What the exercise asks:
The data below contains pictures, which are to be skipped; the lines starting at the line with "为进一步加强网络直播打赏管理" and ending at the line with "ABD’de yeni başkanı" are to be output exactly, both ends included.

Supplied data:
::::
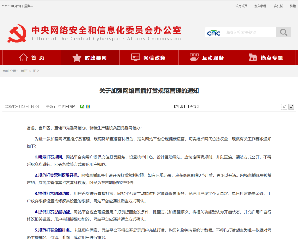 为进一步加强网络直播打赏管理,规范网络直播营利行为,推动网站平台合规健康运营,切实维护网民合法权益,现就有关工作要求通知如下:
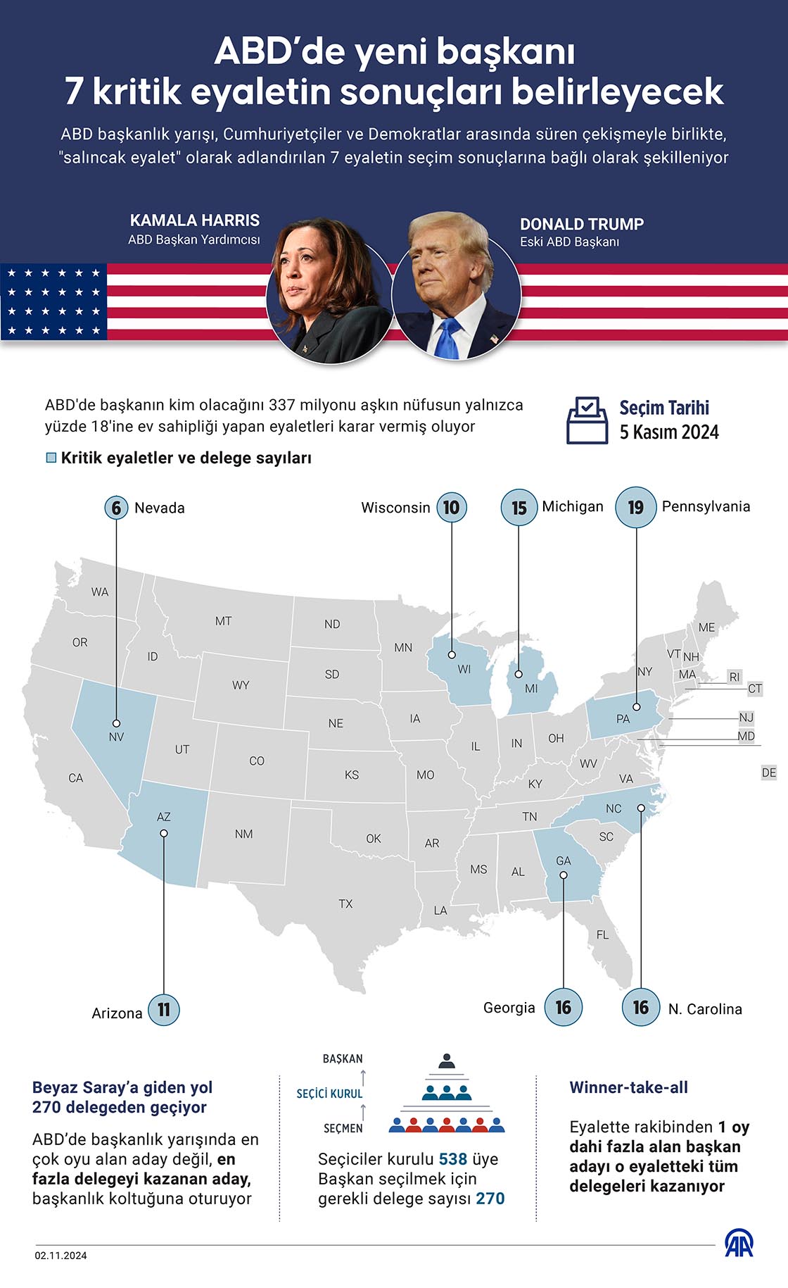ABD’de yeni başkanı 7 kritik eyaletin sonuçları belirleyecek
::::
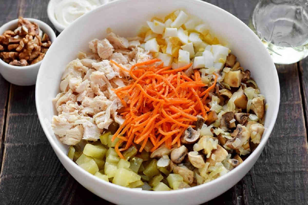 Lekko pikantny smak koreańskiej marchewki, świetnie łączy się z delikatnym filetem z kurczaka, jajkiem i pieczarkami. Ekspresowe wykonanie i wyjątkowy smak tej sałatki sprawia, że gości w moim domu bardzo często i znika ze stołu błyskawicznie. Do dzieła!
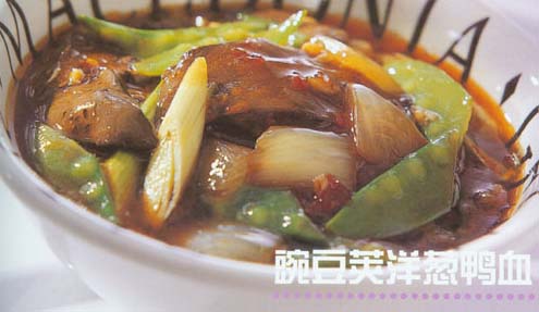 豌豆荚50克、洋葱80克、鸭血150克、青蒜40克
::::
Result of the exercise:
 为进一步加强网络直播打赏管理,规范网络直播营利行为,推动网站平台合规健康运营,切实维护网民合法权益,现就有关工作要求通知如下:
ABD’de yeni başkanı 7 kritik eyaletin sonuçları belirleyecek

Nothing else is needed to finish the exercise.